Trim off the two small half moon shaped plastic risers built into the bottom of the reflector to get the correct donut free focused beam.

Put down a thin layer of Arctic Silver 5 thermal compound and lay your new star down centered the best you can and resolder your leads.

This next part, you need to move kind of fast as it involves centering the LED. I mix some 5 min epoxy to put around one edge of the LED star to hold it in place. Its pretty easy to get in the ball park by moving the star equadistant from the edges of the heat sink platform. I take the reflector and circular shield that surrounds it out of the bezel and set it on top of the light and look down in to eyeball it for center, sliding the LED star around with some tweezers while the epoxy is still curing. Then reassemble the light and check the beam pattern on a wall. If there is any V shaped ring flair to the beam around the hotspot its not centered. Remove the head and repeat before the epoxy cures until you get the desired results. You should be able to get it with no problem in 5 minutes. I move the oring from below the reflecter shield to the top for centering purposes to get good downward pressure on the LED star as I tighten the head to center it. You will find that as you tighten the head, it will move out of center and back into center. Once you have the beam you are happy with, let the light sit upright while it cures. You will find you will have more than 5 mins because a bit of thermal compound likely will have mixed in with the epoxy at the leading edge of the star, giving you a bit more time before it hardens completely. Just keep track of that dang ball bearing that keeps the driver from tearing off the traces each time you dissassemble, and put it back in each time you reassemble the light for testing.

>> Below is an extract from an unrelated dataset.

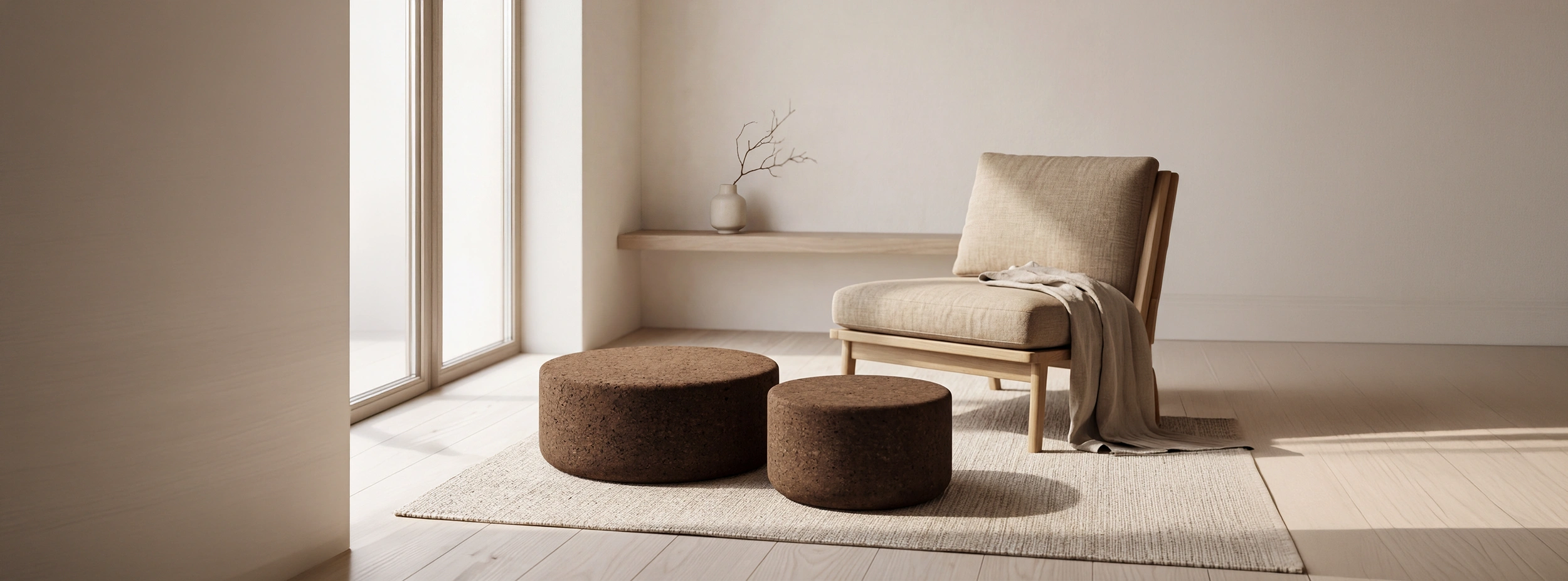 Made from expanded cork, our poufs combine comfort, durability and a raw, tactile texture. Each piece is lightweight, hypoallergenic and naturally fire-resistant, perfect for everyday use in any space.

After the epoxy has cured, remove the head again and epoxy the other side of the star to make sure everything is good to go. Reassemble and enjoy your newly relevant Gladius. :naughty:
Fletch31
 
Last edited:

fletch31

Newly Enlightened
Joined
Jun 16, 2006
Messages
87
:eek: Just waiting on an unmodded Insight Typhoon II (same as the Gladius) I won on Ebay that has a Seoul P4 to arrive on Monday so I can post some comparison beam pics. I've already modded my Gladius and my LEO buddy's with the XP-Gs and don't have anything on hand just yet to show the improvement. I'll get something up early next week :)
 

ICUDoc

Enlightened
Joined
Aug 20, 2004
Messages
907
Location
Sydney, Australia
. I love these dang lights. Best UI made IMHO.... Just keep track of that dang ball bearing that keeps the driver from tearing off the traces each time you dissassemble....
Fletch31
Two lines I agree with very much!!!
AND an easy mod is not a BAD mod- this brings the Gladius output up to par with all the modern offerings out there- I like it!
 

fletch31

Newly Enlightened
Joined
Jun 16, 2006
Messages
87
How do u open the Gladius Head? I never managed to open it.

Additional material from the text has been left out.